For CHI 2012: Discussion Forums in the Document Margins
Would you like some feedback on your CHI paper? We’ve set up a site to let people read and comment on it.
On Wednesday at CHI, we’ll be presenting our paper on nb, a discussion forum situated in the margins of documents being discussed. Its original intended usage was for discussion of classroom lecture notes, but we have discovered through our reading group that it is also quite useful for reading, commenting on and discussing research papers. With this in mind, we’re making nb available to the CHI 21012 conference community.
We’ve created a folder on nb for CHI papers; there, you can read and annotate/discuss papers that have been uploaded by their authors. There are currently 4 CHI papers there. The first, of course, is our own paper on nb. We’d love your comments, especially if they arrive before we present on Wednesday morning! If you want to read and discuss, you just register on the site. If you want to make your paper available for comments, please email your paper to sacha@mit.edu and he’ll upload it (yes, this is clunky—the system is currently designed for a faculty member who is uploading their course content, without means for “mere participants” to do the same). I’d like to suggest, since you are seeking comments on your paper, that you “pay it forward”—read and comment on one of the papers already there to balance the hope that someone will then do the same for you.

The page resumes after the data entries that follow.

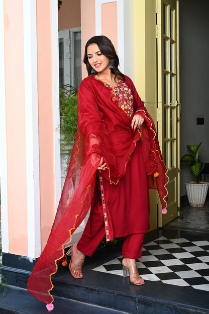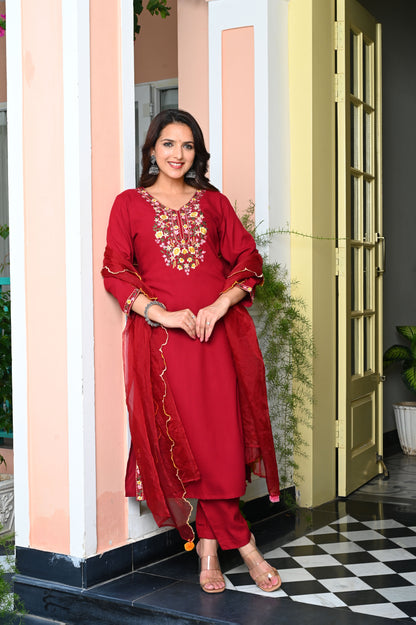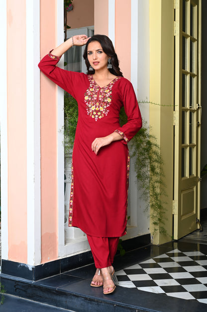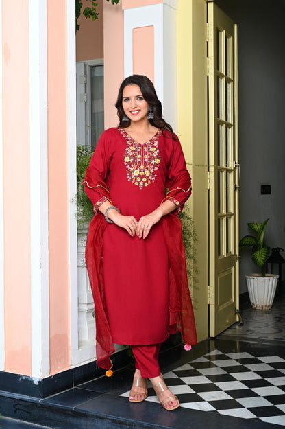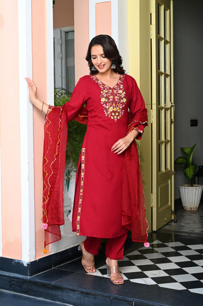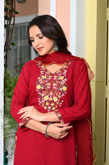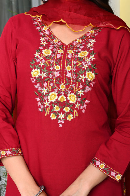 Red Heavy Floral Embroidered Rayon Kurta with Trousers & Organza Dupatta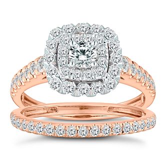 18ct Rose Gold 1ct Diamond Cushion Bridal Ring Set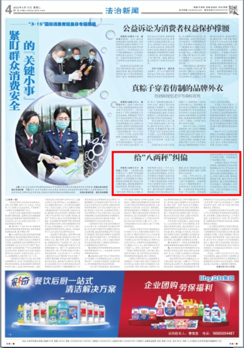 2022年3月15日检察日报四版“3·15”国际消费者权益日专题报道专栏刊发《给“八两秤”纠偏》。
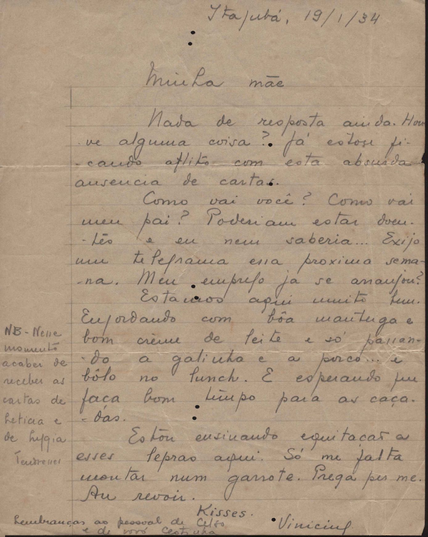 Solicitação de envio de documentos. Notícias sobre a sua vida pessoal. Pergunta sobre o irmão, Helius de Moraes. Felicitações pelo aniversário de seu filho, Pedro de Mello Moraes. Pedido de envio de jornais por intermédio de sua irmã, Lygia Cruz de Moraes. Na carta de Oxford, de 22 mar. 1939, VM comunica a seus pais, amigos e parentes seu casamento, por procuração, com Beatriz Azevedo de Mello Moraes. Comentários sobre os amigos e encontros com Afrânio de Melo Franco, Baden Powell, Carlos Drummond de Andrade, Beatriz Azevedo de Mello Moraes, Custódio José de Melo, Di Cavalcanti, Fernando Sabino, Greta Garbo, Manuel Bandeira, Pablo Neruda, Rodrigo de Melo Franco, Rubem Braga, Tom Jobim entre outros. Considerações sobre lançamento e venda de seus livros. Notícias sobre a vida familiar. Lydia Cruz de Moraes faz comentários sobre os relacionamentos amorosos do filho, VM. Felicitações pelos aniversários de VM e de seu neto, Pedro de Mello Moraes. Preocupação com a saúde do filho, VM. Notícia sobre a publicação de crônicas. Comentário sobre a separação de VM e Beatriz Azevedo de Mello Moraes. Comentário sobre viagem feita a Belo Horizonte. Questionamento sobre o retorno de Helius de Moraes ao Brasil. Comentário sobre a candidatura de Cristiano Machado a Presidente da República. Considerações sobre o falecimento do pai e da avó de VM, Maria Conceição. Cumprimentos pelo poema "Pátria minha". Recomendações aos amigos: Aníbal Machado, Mário Melo, Ary Franco, José Artur, Pedro Nava, Guilherme Souto entre outros.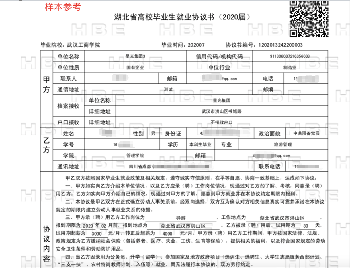 学校每日定期审核协议,鉴证完毕后系统生成电子版《湖北省高校毕业生就业协议书》,协议正式生效。样式如下图: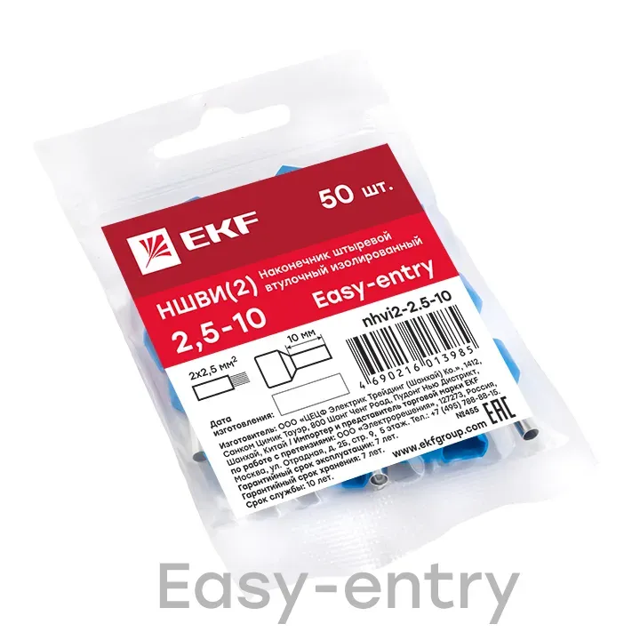 Отзывы о Наконечник штыревой втулочный изолированный ншви(2) 2.5-10 (50шт) EKF NHVI2-2.5-10 )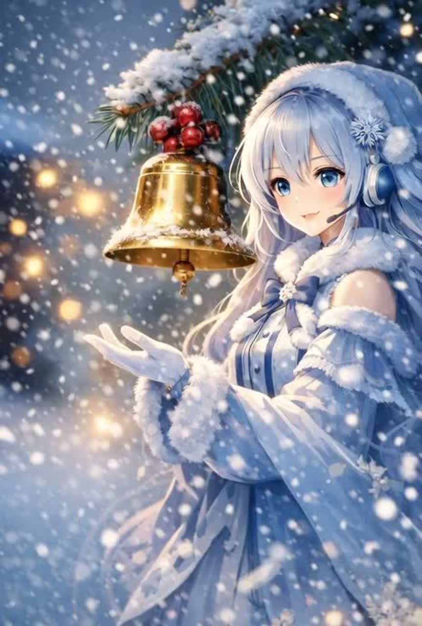 Kawaii Vocaloid-style with intentional micro pitch drift, subtle off-key charm, synthetic formants, bright nasal tone, digital vibrato instability, Christmas Pop EDM, Instrumental only, Bell-driven hook concept, Catchy festive intro, Bright pop synths, Modern EDM structure, Danceable four-on-the-floor groove, Warm and cheerful Christmas mood, Pop-friendly buildup sections, Clear verse to drop progression, False drop tension, Delayed payoff climax, High-energy EDM bass drop in final chorus, Catchy sleigh bell accents used sparingly, No constant bells, No vocals, No choir, No lyrics, Radio-friendly sound design, Streaming-oriented arrangement, Uplifting night-time celebration vibe, Neon city Christmas imagery, Punchy low end, Clean wide stereo mix, Instant replay value, Feel-good holiday energy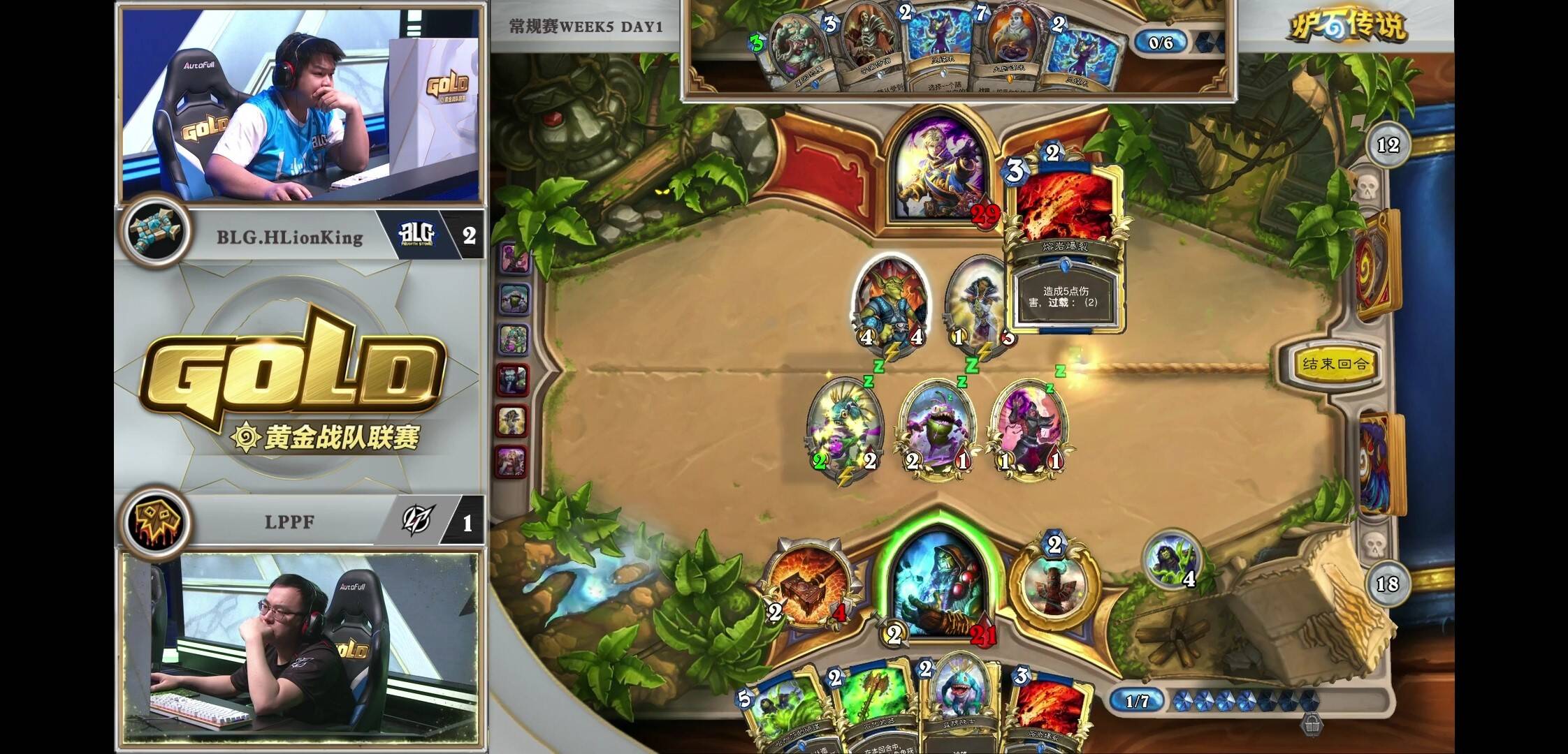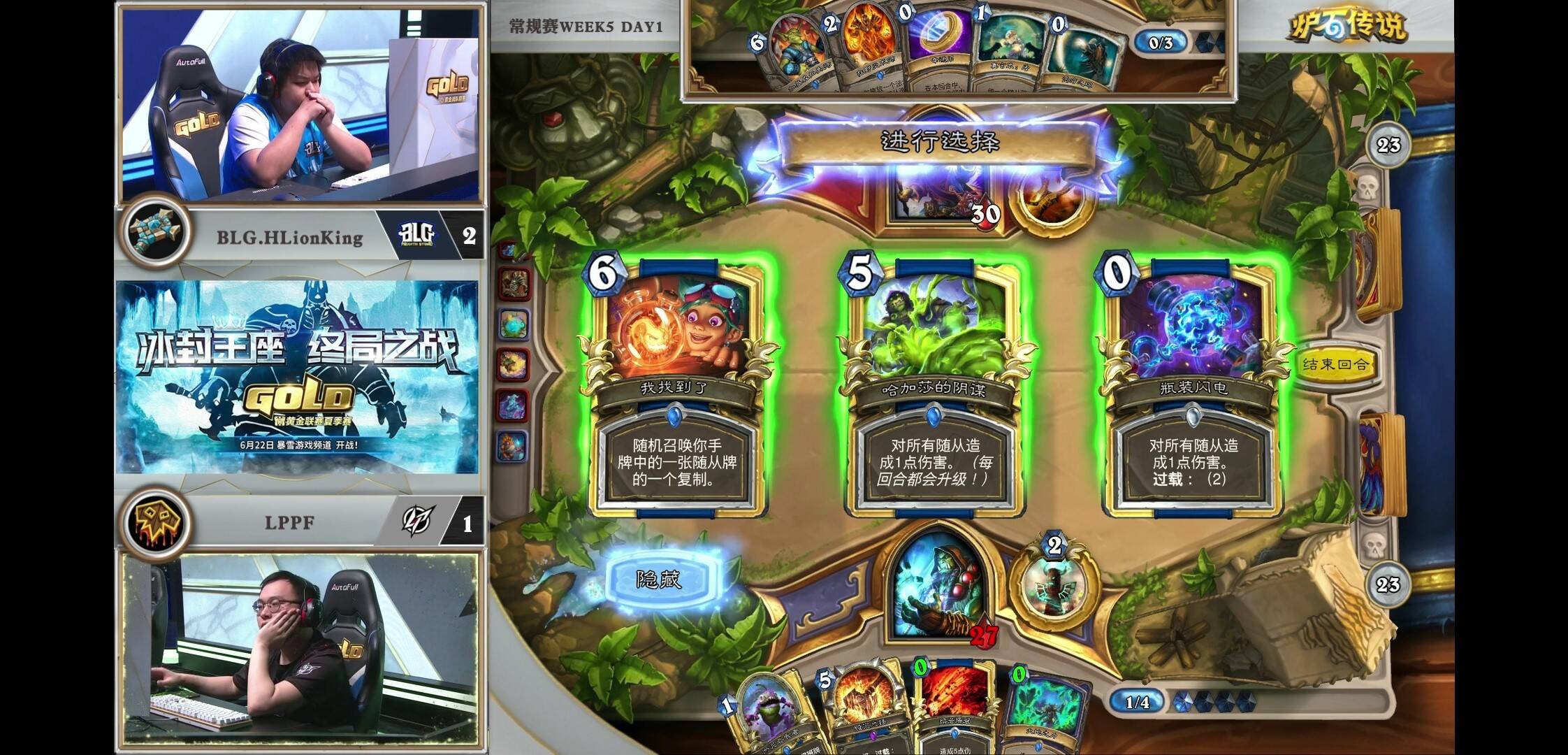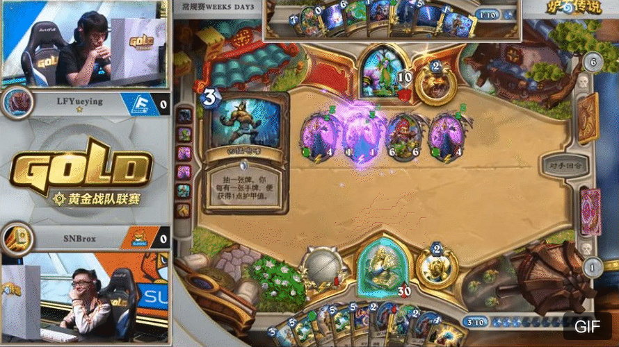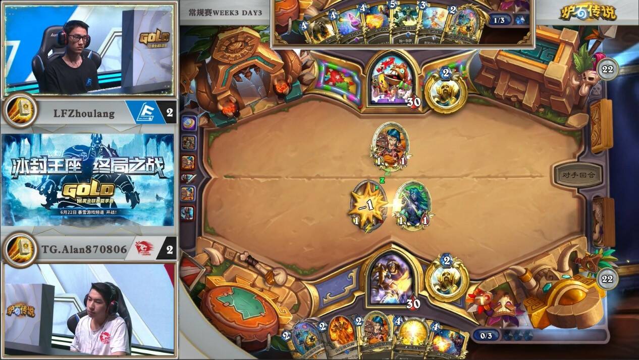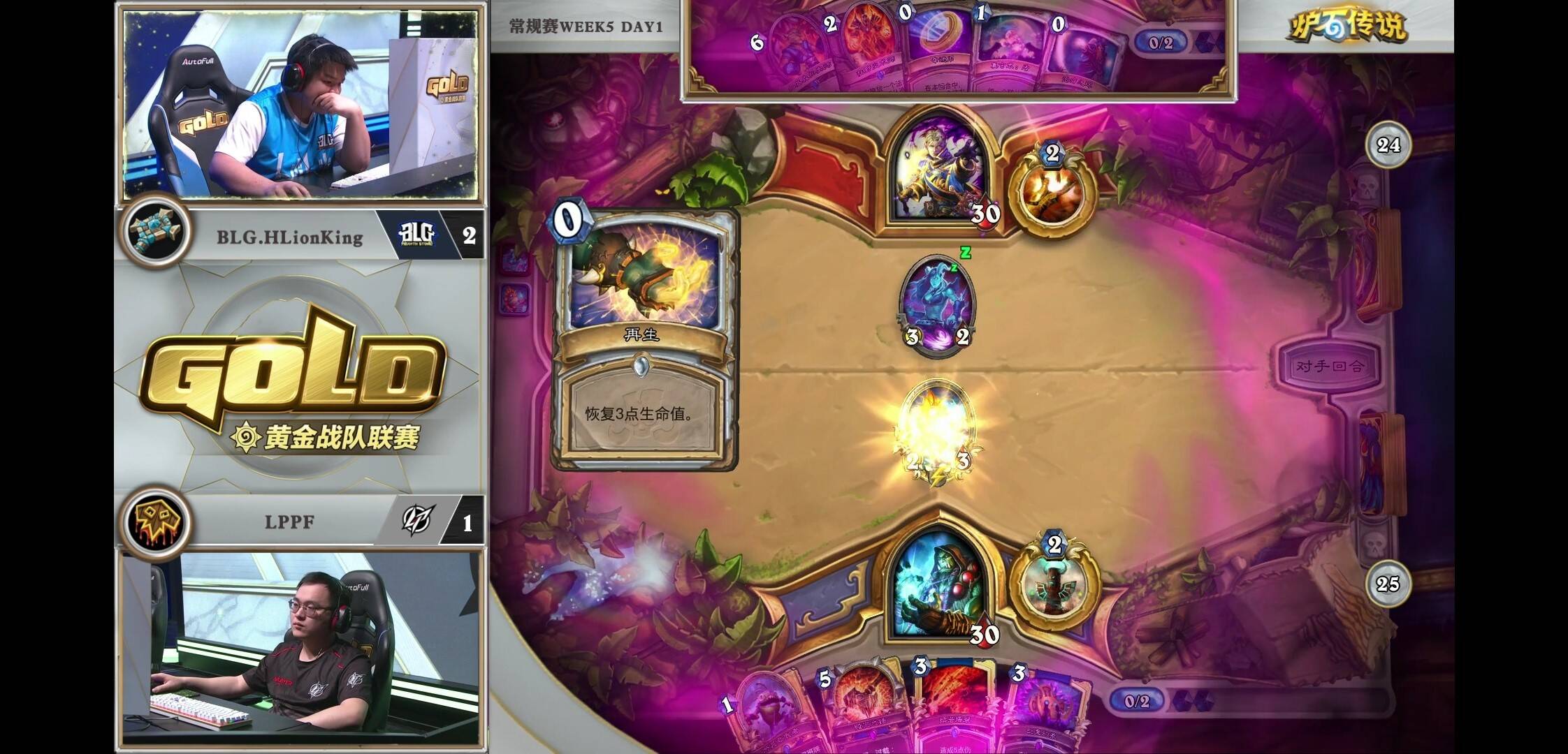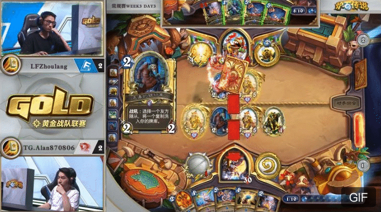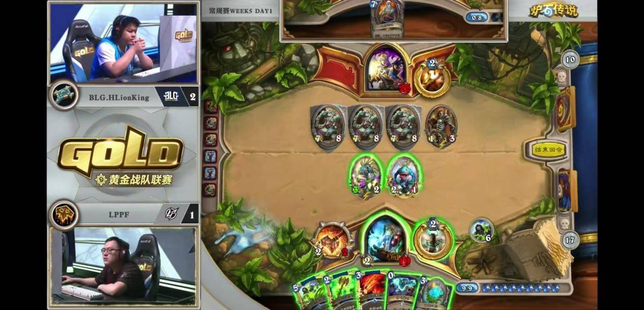 来自BLG.HLionKing的大厨牧对阵LPPF的打脸萨。2:1的窘境之下,胖枫选择了同时具备上限和counter牧师能力的鱼人打脸萨。开局胖枫出师不利,2费顺出的资源引擎下水道鱼人被奥金尼幻象配合再生处理了。反观大厨牧炎术士加基森具在。局面相当落后。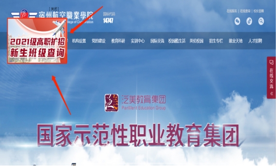 1.登录彩神Vll学院官网(http://www.szhkxy.com/)点击页面“2021级高职扩招新生班级查询”飘窗;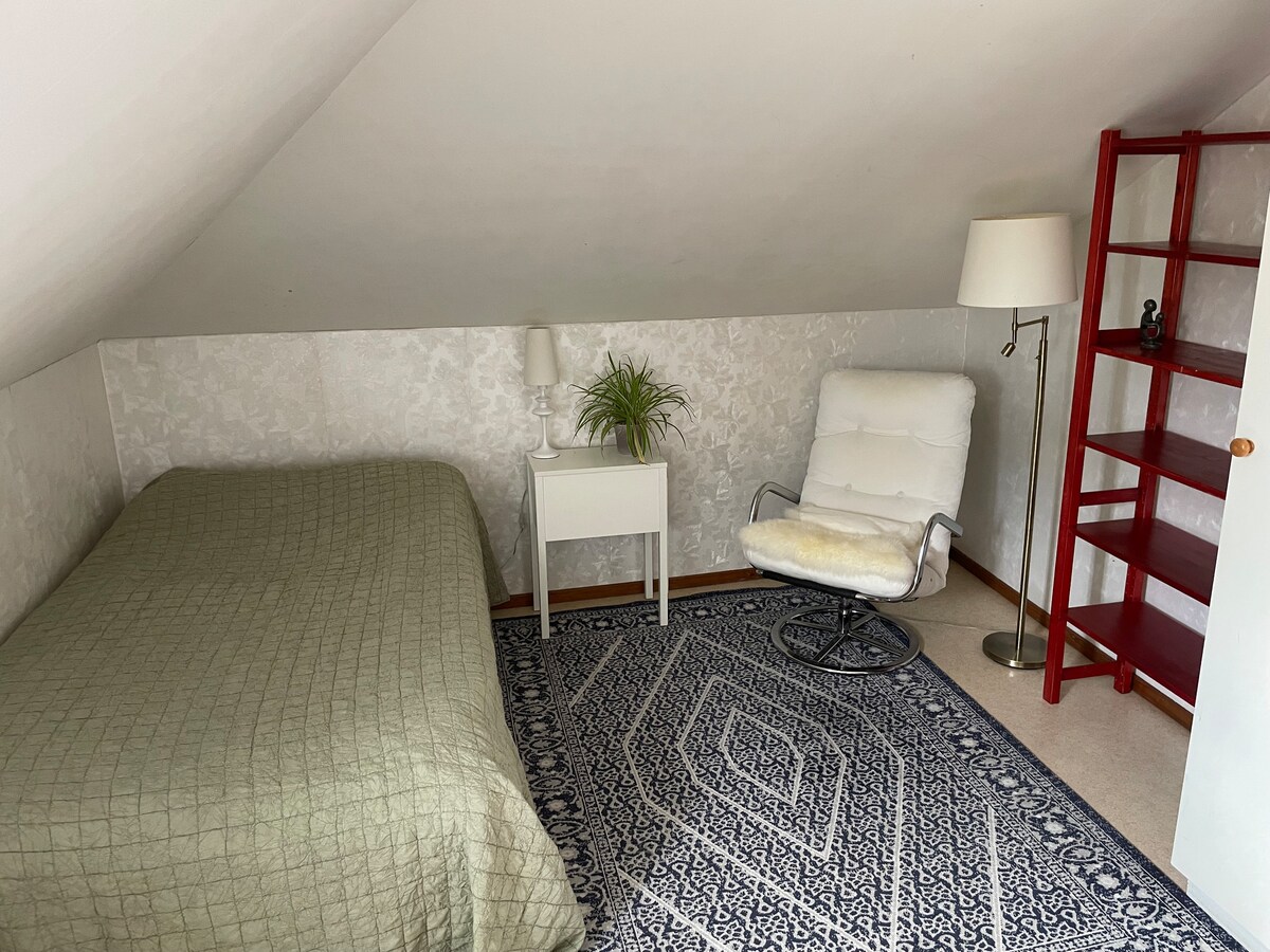 Cozy attic apartment in old mission house/church from 1912 with access to lovely garden. Proximity to the city center, the travel center, the airport and several sights (about 15 minutes walk). Also several larger employers such as SAAB and the University Hospital are close by. Access to patio, barbecue, laundry and musical instruments (by appointment). The hosts live in the house and organize cultural events in the church hall/living room once a month.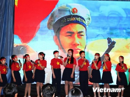 | Các em thiếu nhi đội Sơn ca trong "Đêm nhạc hướng về biển đảo quê hương và Chủ quyền Tổ quốc". (Ảnh: Ngọc Mai/Vietnam+) |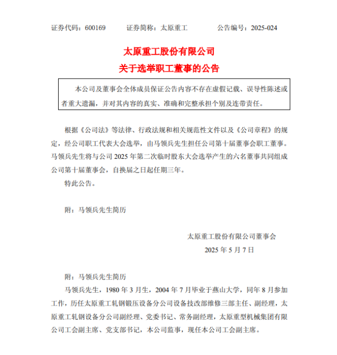 5月7日,太原重工發(fā)布公告,經(jīng)公司職工代表大會選舉,由馬領(lǐng)兵先生擔(dān)任公司第十屆董事會職工董事。馬領(lǐng)兵先生將與公司 2025 年第二次臨時股東大會選舉產(chǎn)生的六名董事共同組成公司第十屆董事會,自換屆之日起任期三年。

The paper itself is focused on classroom deployment. Nb has been used in about 60 classes at 5 universites, with several faculty choosing to use it repeatedly. We study a particular successful use of the tool, in a class at MIT where it acquired over 14,000 comments from 100 students. Using both quantitative and interview data, we explain why situating discussions in the margins can work better than the typical separate-forum approach.